Hi Guys,
So I've set myself a small challenge as an introduction to Arduino. I have an old Sun keyboard which I'm going to convert to USB.
The interesting thing about the keyboard is that its native protocol is serial-based - According to the documentation:
"The keyboard communicates with the system using asynchronous serial protocol with negative logic. The communication is full duplex at 1200 baud. The data has 1 start bit, 8 data bits, 1 stop bit and no parity."
So I wired everything up to my Arduino micro and did a little test:
//Software serial for Sun KBD
SoftwareSerial sunSerial(10, 11, true);
void setup() {
//Normal serial port init for monitoring
Serial.begin(1200);
while (!Serial) {
; // wait for serial port to connect. Needed for Leonardo only
}
sunSerial.begin(1200);
}
void loop() {
char c = sunSerial.read();
//not sure why we're getting this spamming out so let's filter for now (inverse of 0 i guess)
if (c != 0xFFFFFFFF) {
Serial.println(c, HEX);
}
}
Press and hold a button and voila we have output.... BUT the output is doing some odd things.
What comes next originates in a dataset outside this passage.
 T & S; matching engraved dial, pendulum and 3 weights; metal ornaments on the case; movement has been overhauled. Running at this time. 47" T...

According to the document if I press then release the space bar I should see the following hex values received
0x79 (space pressed)
0xF9 (space released)
0x7F (idle - sent to say no keys are depressed on keyboard)
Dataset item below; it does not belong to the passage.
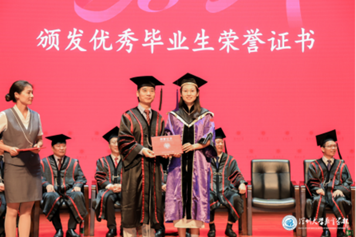首先,李臣为优秀毕业生颁发荣誉证书。
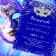 For an elegant Masquerade, Sweet 16, 16th birthday. A royal blue background. Decorated with faux silver glitter dust and a masquerade mask. Personalize and add a name, age and party details. The name is written with a hand lettered style script

So pressing and releasing space should just loop those 3 values for each press/release
Instead this is what I get when pressing and releasing 8 times
79
FFFFFFF9
7F
FFFFFFF9
FFFFFFF9
7F
7F
79
7F
79
FFFFFFF9
79
FFFFFFF9
79
7F
79
FFFFFFF9
So initially it did the 0x79 and the second value does end in F9 and was followed by 7F - but it looks like something very odd is going on. if I alternate between 2 keys (space as above and 'm' (0x6A pressed, 0xEA released) you'd expect a loop of
0x79 (space pressed)
0xF9 (space released)
0x7F (idle - sent to say no keys are depressed on keyboard)
0x6A (m pressed)
0xEA (m released)
0x7F (idle)
instead we get:
79
FFFFFFF9
7F
FFFFFFEB
7F
FFFFFFF9
7F
6A
FFFFFFEA
FFFFFFF9
FFFFFFEA
FFFFFFFE
7F
FFFFFFF9
7F
6A
FFFFFFEA
7F
FFFFFFF9
6A
FFFFFFEA
I'm not sure what the problem here is - Initially I thought it might be to do with the number of bits being processed (so things end up getting shifted) but i'm not sure now.
Does anyone have any ideas what could be going on, or suggest something that might help me debug this? (note I don't have access to an oscilloscope etc).